◆ **TO DO**
Look through the material below and copy exactly the lines from the line with "Overlook the Blue" to the line with "Портативный фонарь DP-7102", those two lines included.

◆ **RECORDS TO PROCESS**
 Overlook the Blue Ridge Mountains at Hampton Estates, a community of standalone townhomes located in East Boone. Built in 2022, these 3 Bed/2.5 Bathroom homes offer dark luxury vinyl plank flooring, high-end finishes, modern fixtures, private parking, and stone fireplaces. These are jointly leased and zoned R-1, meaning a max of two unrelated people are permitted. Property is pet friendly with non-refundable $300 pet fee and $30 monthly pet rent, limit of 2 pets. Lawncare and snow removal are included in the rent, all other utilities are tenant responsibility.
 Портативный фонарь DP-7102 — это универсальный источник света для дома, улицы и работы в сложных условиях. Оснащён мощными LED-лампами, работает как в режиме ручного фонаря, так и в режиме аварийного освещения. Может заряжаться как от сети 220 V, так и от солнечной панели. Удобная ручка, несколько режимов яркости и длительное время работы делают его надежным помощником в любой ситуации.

* * *

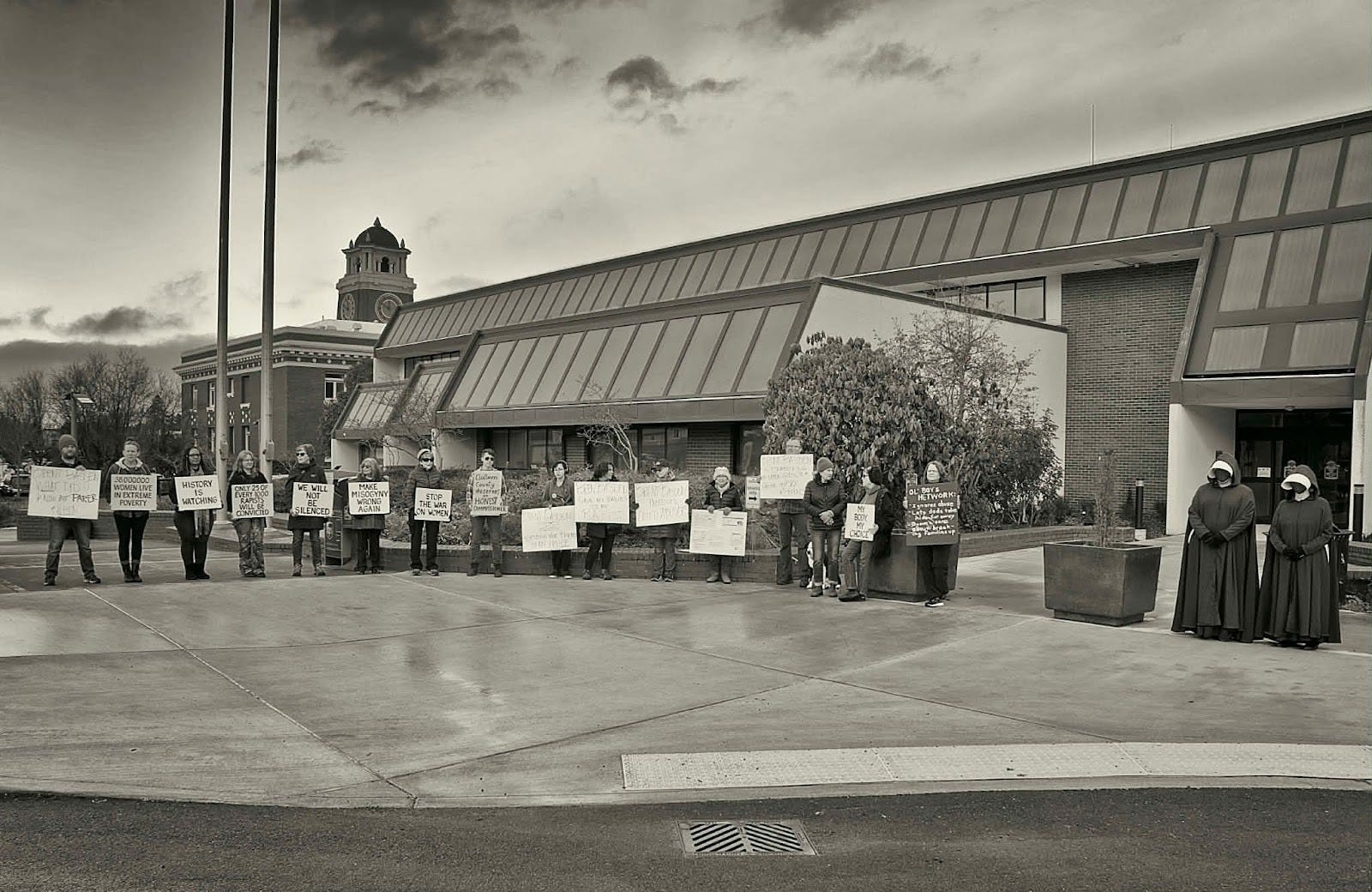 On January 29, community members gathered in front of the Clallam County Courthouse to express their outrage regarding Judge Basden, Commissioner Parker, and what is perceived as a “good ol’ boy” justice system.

* * *

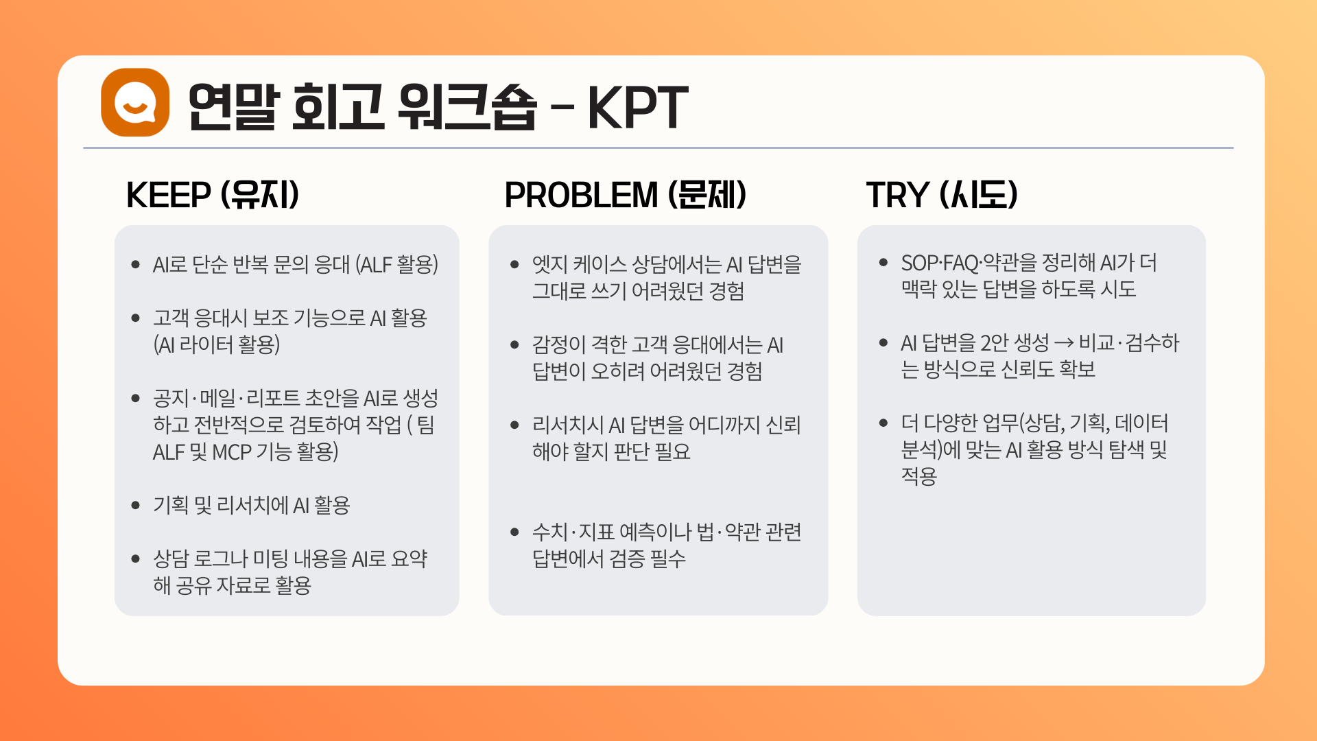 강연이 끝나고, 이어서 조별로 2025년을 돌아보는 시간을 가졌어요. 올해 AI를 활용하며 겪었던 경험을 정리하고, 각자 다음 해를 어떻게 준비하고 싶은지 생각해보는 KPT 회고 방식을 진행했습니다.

◆ **ANSWER**
 Overlook the Blue Ridge Mountains at Hampton Estates, a community of standalone townhomes located in East Boone. Built in 2022, these 3 Bed/2.5 Bathroom homes offer dark luxury vinyl plank flooring, high-end finishes, modern fixtures, private parking, and stone fireplaces. These are jointly leased and zoned R-1, meaning a max of two unrelated people are permitted. Property is pet friendly with non-refundable $300 pet fee and $30 monthly pet rent, limit of 2 pets. Lawncare and snow removal are included in the rent, all other utilities are tenant responsibility.
 Портативный фонарь DP-7102 — это универсальный источник света для дома, улицы и работы в сложных условиях. Оснащён мощными LED-лампами, работает как в режиме ручного фонаря, так и в режиме аварийного освещения. Может заряжаться как от сети 220 V, так и от солнечной панели. Удобная ручка, несколько режимов яркости и длительное время работы делают его надежным помощником в любой ситуации.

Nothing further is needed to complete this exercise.